Institut politik di Afrika sebagian besar dibentuk berdasarkan model Prancis sejak 1960, dengan sistem presidensial yang lebih otoriter dibandingkan model semi-presidensial Prancis. Konstitusi-konstitusi ini sering mencerminkan secularisme yang kuat. Namun, beberapa negara mulai menjauhkan diri dari pengaruh Prancis, khususnya setalah kudeta militer di wilayah Sahel. Tiga negara tersebut mengusir pasukan Prancis dan sekarang beralih ke Rusia sebagai mitra keamanan.

Prancis sudah menarik pasukan dari Chad, Senegal, dan Pantai Gading. Basis militer Prancis di Gabon kini hanya digunakan untuk pelatihan, bukan operasi aktif. Satu-satunya basis yang masih aktif adalah di Djibouti.

Tujuan utama kebijakan Prancis di Afrika adalah mempertahankan pengaruh politis, seperti di Kamerun, negara yang secara ideologis masih berpihak pada Prancis. Namun, Matthias Basedau menyimpulkan bahwa situasinya akan berbeda ketika Paul Biya tidak lagi berkuasa.

Meskipun pengaruh politis Prancis berkurang, hubungan ekonomi Prancis dengan negara-negara bekas jajahannya tetap kuat. Hal ini terlihat dalam sektor pengangkatan sumber daya alam, kepemilikan perusahaan supermarket, SPBU, dan operator seluler oleh perusahaan Prancis. Franc CFA, mata uang yang terkait dengan euro, masih digunakan di Afrika Barat dan Tengah, walaupun sering dikritik sebagai warisan kolonial. Menurutbasedau, mata uang ini memberikan stabilitas, menekan inflasi, dan mempermudah perdagangan.
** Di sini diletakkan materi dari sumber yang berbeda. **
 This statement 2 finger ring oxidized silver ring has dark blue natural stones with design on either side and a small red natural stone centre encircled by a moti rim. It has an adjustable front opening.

Setelah 65 tahun kemerdekaan, negara-negara bekas jajahan Prancis di Afrika mengembangkan jalan sendiri. Warga negara mereka yang bekerja di Prancis, seperti 110.000 orang dari Senegal, menjadi sumber pendapatan besar melalui transfer uang ke negara asal. Hanya 10% dari total pendapatan mereka disumbangkan ke PDB Senegal, sebagian besar diterima oleh masyarakat desa. Kondisi sosial-ekonomi menunjukkan perbaikan, dengan penurunan tingkat kemiskinan ekstrem, peningkatan harapan hidup, dan penurunan angka kematian anak.
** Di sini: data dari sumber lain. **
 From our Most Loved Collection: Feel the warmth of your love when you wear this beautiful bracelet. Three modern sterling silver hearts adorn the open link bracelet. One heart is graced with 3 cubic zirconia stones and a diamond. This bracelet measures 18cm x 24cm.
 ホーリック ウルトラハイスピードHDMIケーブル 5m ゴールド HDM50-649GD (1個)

Negara-negara di Afrika harus régionale lebih awal untuk Maximeksadikan potensi sata para warganya agar pabergeser kepada sistem yang lebih berdaya. Stabilitas politik dan pembangunan ekonomi harus menjadi prioritas, bukan sekadar keteguhan kepemimpinan individu. Hanya dengan begitu, masa depan mereka akan lebih terjaga dan berkembang secara berkelanjutan.